• **Your goal**
The result should be the lines from the one that contains "Bright Yellow Banarasi" to the final line of the entries below, copied exactly and with no pictures.

Stored records:
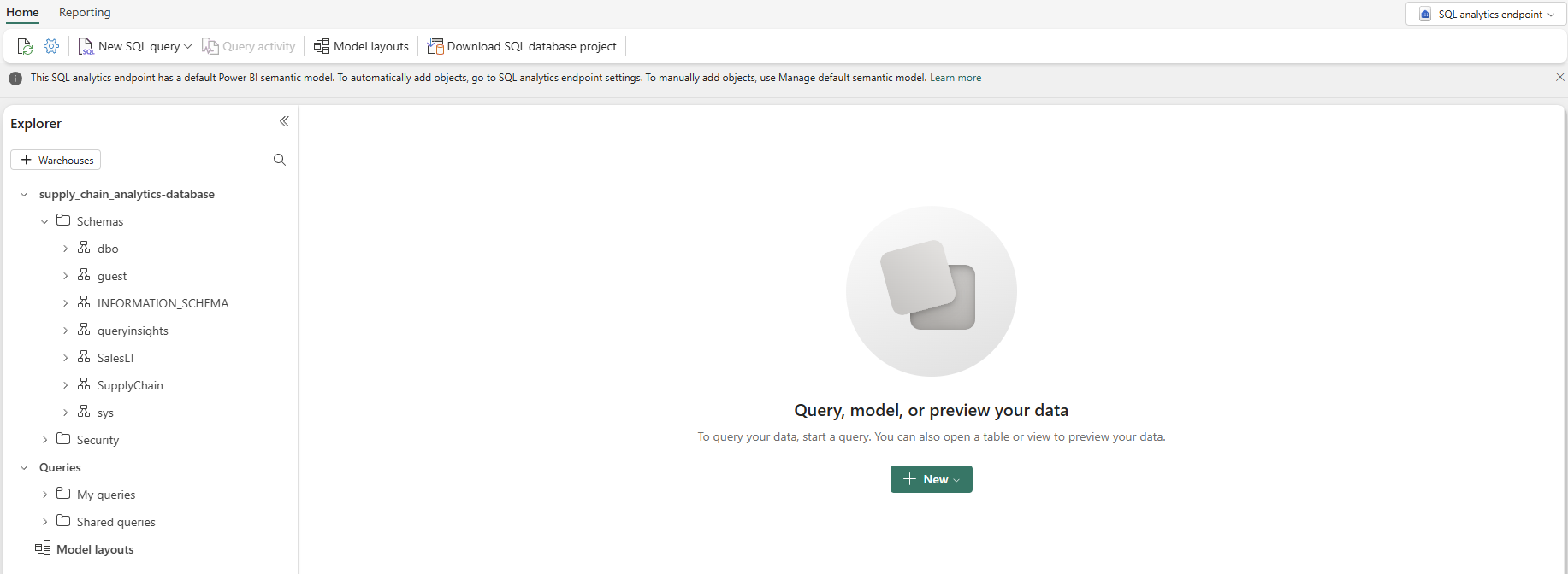 When you open the SQL analytics endpoint of the SQL database, you're brought to a view similar to the SQL database in Fabric view.
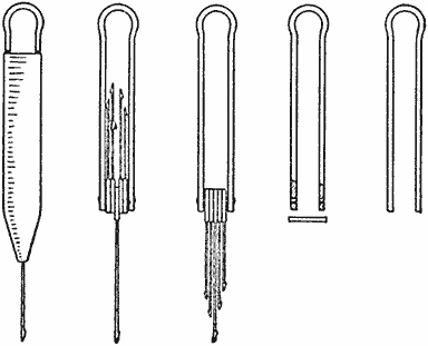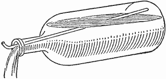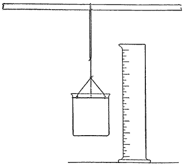 Now place in the large tube a quantity of as pure water as can be obtained—fresh rain water will answer very well and distilled water still better. Immerse the small tube in the water in the large tube and allow it to come to rest. Make a small mark on the small tube with a file, level with the surface of the water in the large tube. If the hydrometer is placed in a liquid lighter than water and allowed to float, the mark made on the tube will always be below the surface of the liquid in which the instrument is placed, and the mark will be above the surface of the liquid when the liquid is heavier than water.
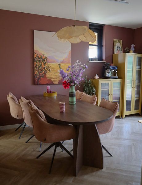 Warm bronze and taupe tones create a calm, grounded feeling in your room. The sunset palette in Into the Hills pairs beautifully with natural wood furniture, rattan accents, or terracotta accessories. Add soft textiles in cream or beige to complete the look.
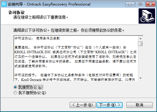 1.雙擊EasyRecovery安裝包,啟動(dòng)安裝向?qū)ч_始安裝,單擊“下一步”繼續(xù).
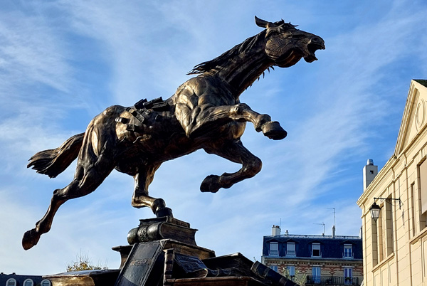 | "Cheval Ptolémée", sculpture en bronze réalisée en 2021 par Jean-Charles Hachet et François Lavrat |
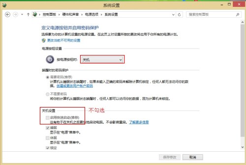 4. 取消对“启用快速启动(推荐)”的勾选。
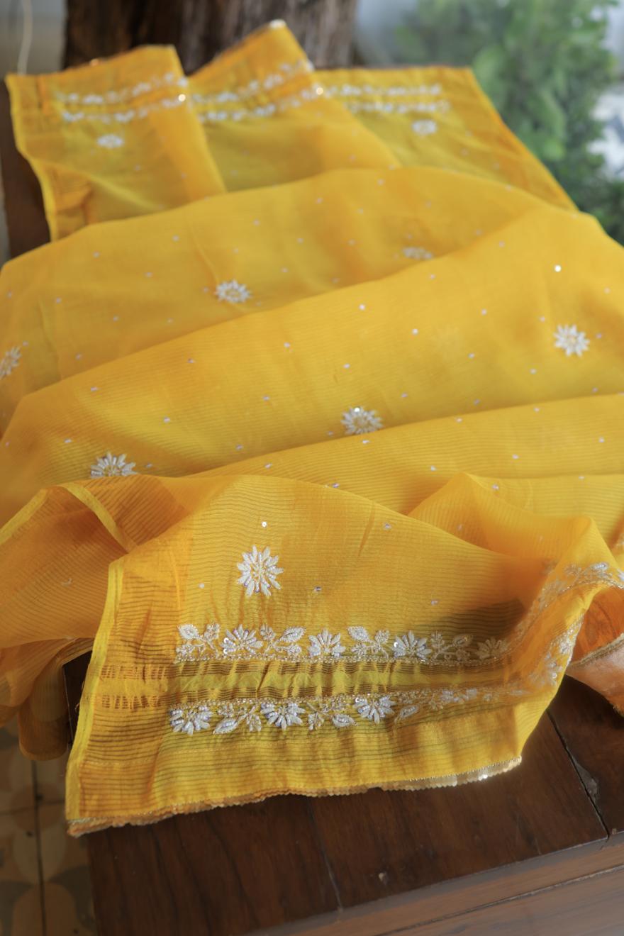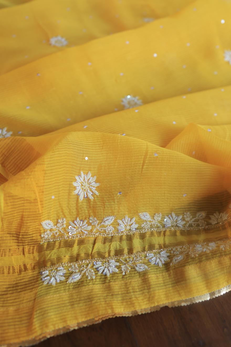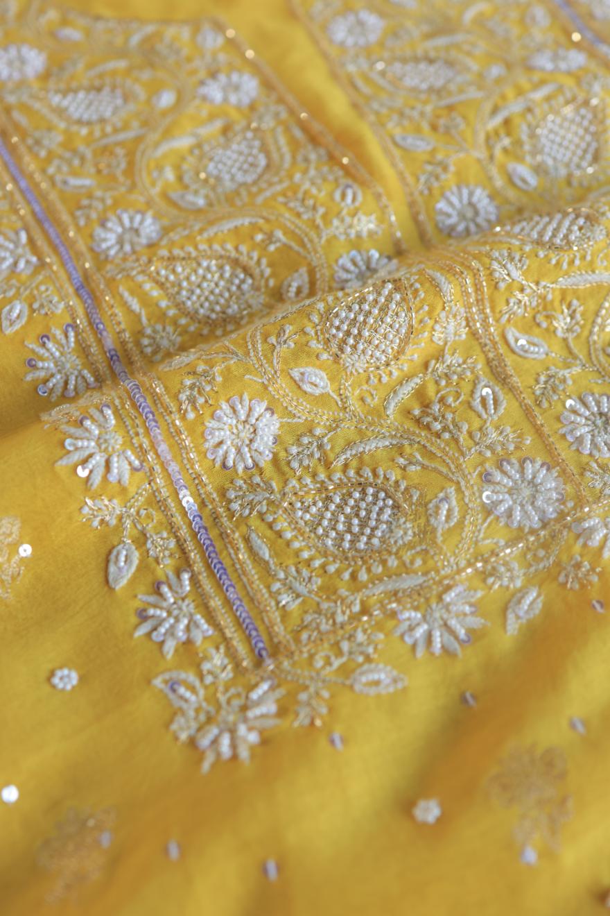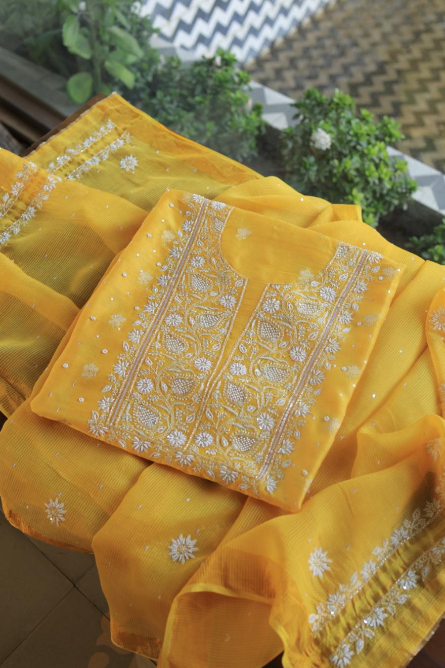 Bright Yellow Banarasi Zari Chanderi Unstitched Chikankari Fabrics
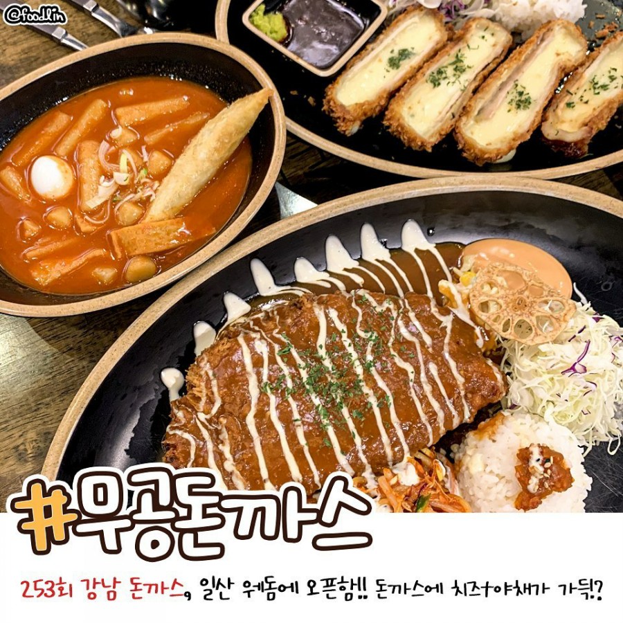 253회 강남 돈까스, 일산 웨돔에 오프했음 돈까스에 치즈 야채가 가득하다.
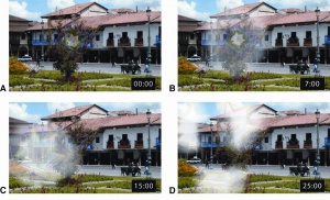 Visual aura of migraine. A. Starts with a small scotoma usually central that is scintillating, colored, fortifying and expanding towards the periphery (B–C) that eventually breaks up (D). The times shown represent minutes from the onset of the visual aura.

• **Task response**
 Bright Yellow Banarasi Zari Chanderi Unstitched Chikankari Fabrics
 253회 강남 돈까스, 일산 웨돔에 오프했음 돈까스에 치즈 야채가 가득하다.
 Visual aura of migraine. A. Starts with a small scotoma usually central that is scintillating, colored, fortifying and expanding towards the periphery (B–C) that eventually breaks up (D). The times shown represent minutes from the onset of the visual aura.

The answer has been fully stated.